Authors Ahmed AE, Albalawi AN, Alshehri AA, AlBlaihed RM, Alsalamah MA

Received 2 January 2017

Accepted for publication 17 March 2017

Published 10 April 2017 Volume 2017:10 Pages 97—102

DOI https://doi.org/10.2147/PRBM.S131474

Checked for plagiarism Yes

Review by Single-blind

Peer reviewers approved by Dr Amy Norman

Peer reviewer comments 2

Editor who approved publication: Professor Igor Elman


Anwar E Ahmed,1 Alhanouf N Albalawi,2 Asmaa A Alshehri,3 Rand M AlBlaihed,2 Majid A Alsalamah4

1King Abdullah International Medical Research Center/College of Public Health and Health Informatics, King Saud bin Abdulaziz University for Health Sciences - MNGHA, Riyadh, Kingdom of Saudi Arabia; 2Riyadh Colleges of Dentistry and Pharmacy, Riyadh, Kingdom of Saudi Arabia; 3College of Dentistry, King Khalid University, Abha, Kingdom of Saudi Arabia; 4College of Medicine, King Saud bin Abdulaziz University for Health Sciences – MNGHA, Riyadh, Kingdom of Saudi Arabia

Background: Although stress during pregnancy has negative effects on children’s development and pregnant women’s health, no study has assessed stress and its predictors among pregnant Saudi women.
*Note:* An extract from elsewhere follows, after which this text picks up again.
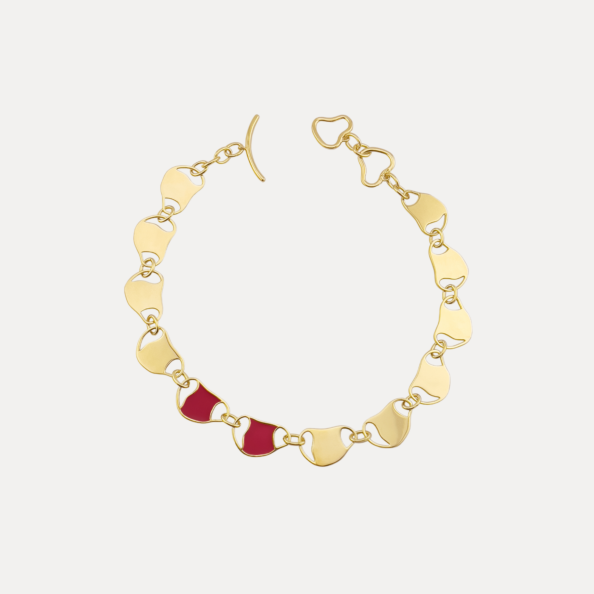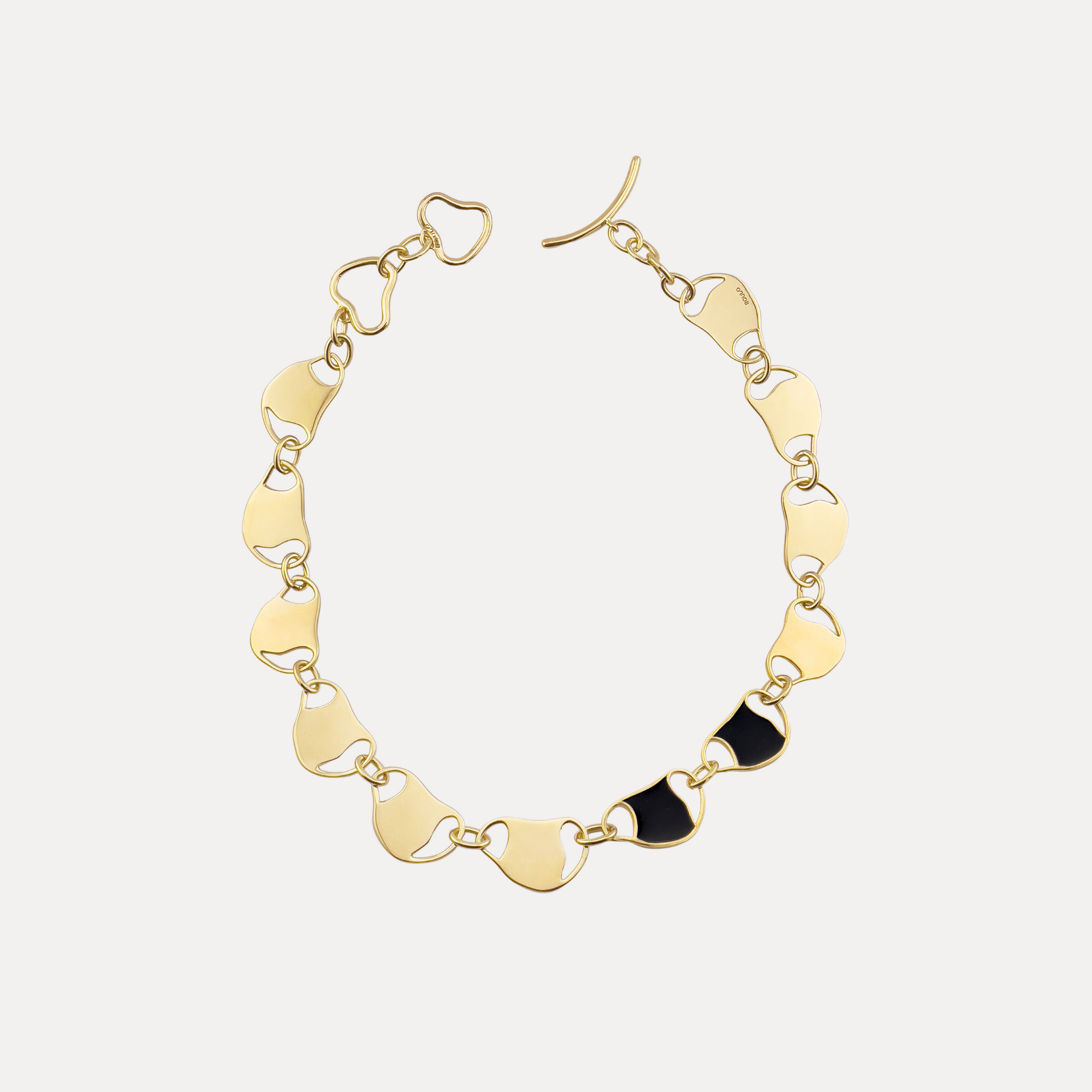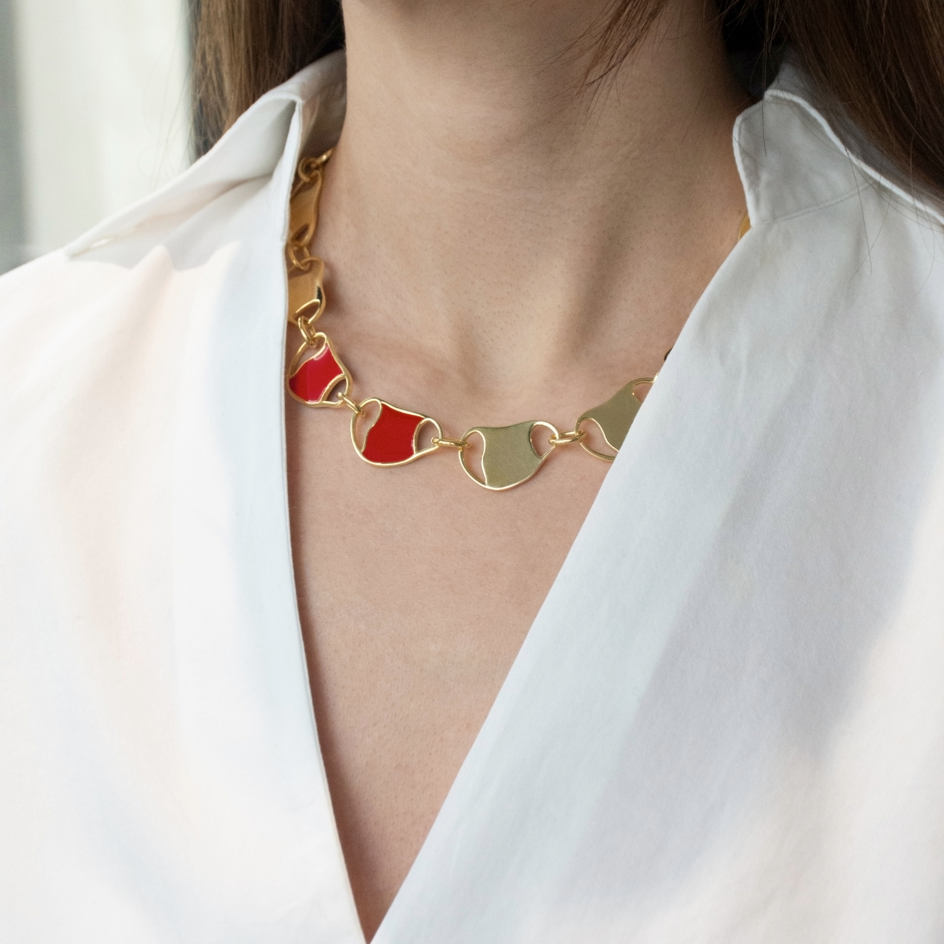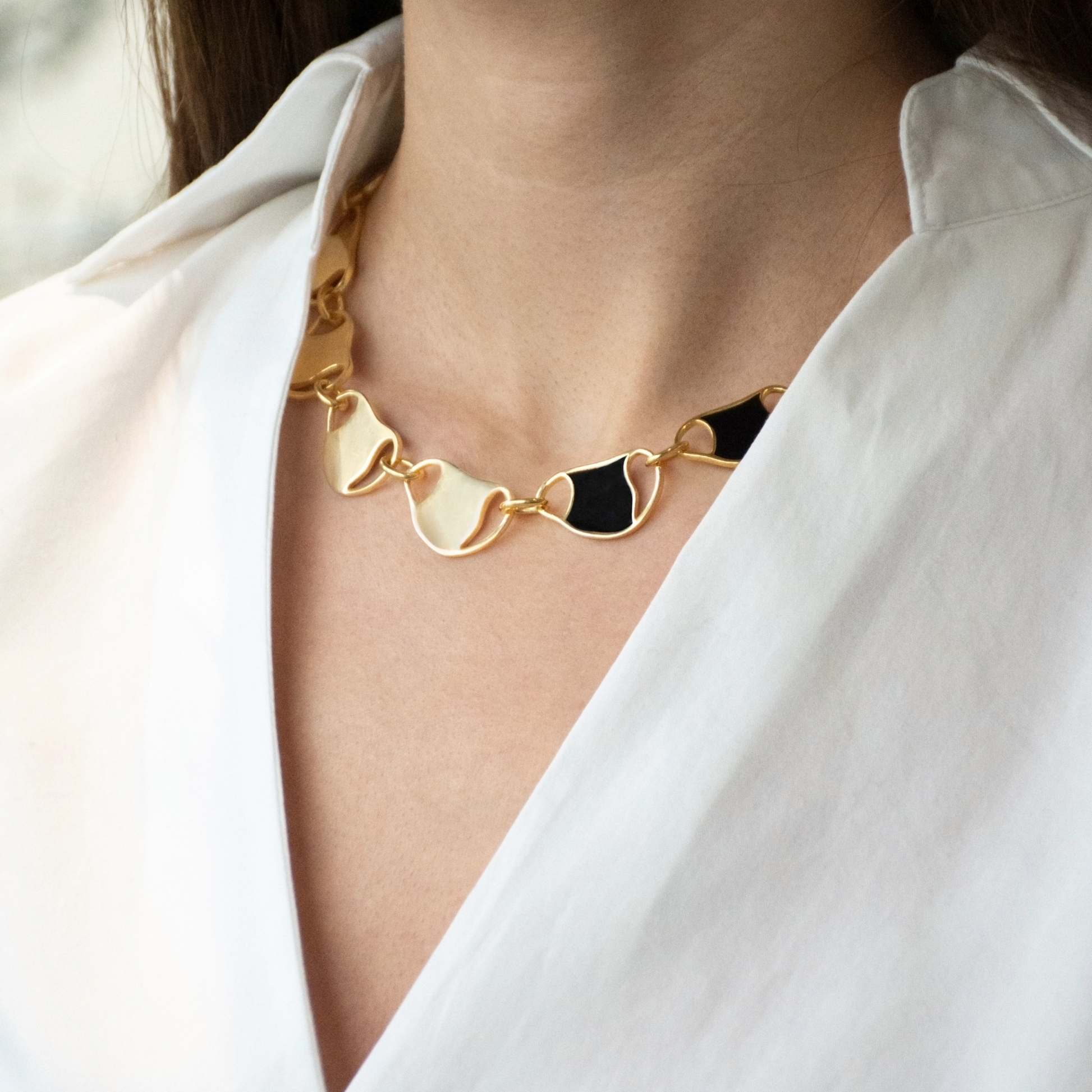 The Camille Duo Necklace exudes elegance with its distinctive design. Featuring a sleek black on one side and a striking red on the other, complemented by accents in polished gold, this necklace offers versatility for any occasion. Its unique shape and striking contrast of colours, enhanced by the gold elements, add depth and sophistication, making it a timeless accessory for effortless glamour.
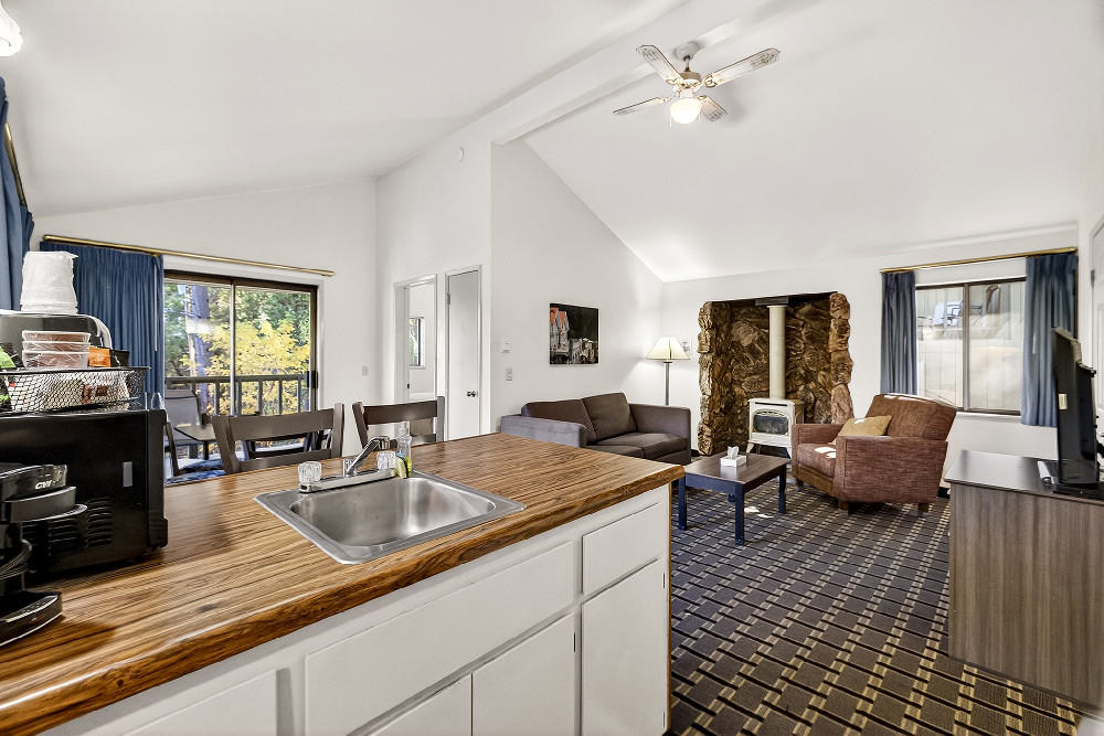 Our miner’s cabins are individual free-standing units with plenty of space to enjoy nature. There is a queen-size bed in a separate room and most cabins have a pull-out sofa sleeper in the living room where you will have an arm chair and fireplace for you to get cozy. The cabins also have a kitchenette with a 2 burner cook top and a small dining area. The Cabins have all the modern amenities such as cable TV, Wi-Fi, Coffee Maker, Microwave, Mini Refrigerator, Heat & Air Conditioning, Iron & Ironing Board, Private bathroom with walk in shower, Back Deck overlooking the forest, Front Porch with BBQ and FREE parking. The Cabins can accommodate up to 4 people *with sofa sleeper and 2 pets*for an additional pet fee. If you enjoy a rustic retreat, this is for you! Be sure to bring cooking utensils, dishes and silverware, this is a modern Pack it in / Pack it out adventure.

The aim of this study was to assess stress and identify its predictors in a sample of pregnant Saudi women.
Methods: A correlational study was carried out at King Abdulaziz Medical City in Riyadh, Kingdom of Saudi Arabia, on 438 pregnant women who attended the obstetrics/gynecology clinic. We collected data on their sociodemographic and oral health status. Stress was assessed using the Perceived Stress Scale (PSS).
Results: The sample mean age was 30.6±5.4 years, and 33.4% of the sample reported high stress levels (PSS ≥20). The study revealed significantly high stress levels in women with no or low income, chronic disease, sleep deprivation, no teeth brushing, irregular eating patterns, gestational diabetes, and no family support (P<0.05). Self-reported oral health problems were significantly associated with high stress levels (P<0.05). A multiple linear regression model showed that no teeth brushing, chronic disease, sleep deprivation, gestational diabetes, and gingival redness predicted an increase in stress by a score of 3.6, 2.4, 2.1, 1.4, and 1.4, respectively.
Conclusion: It was estimated that three in ten pregnant women in King Abdulaziz Medical City reported high stress levels. Our study shed light on the relationship between healthy habits, oral health status, and perceived stress in pregnant women. This research may help health care practitioners who provide care to pregnant women, to educate them in regard to healthy habits, and to develop a program to reduce stress.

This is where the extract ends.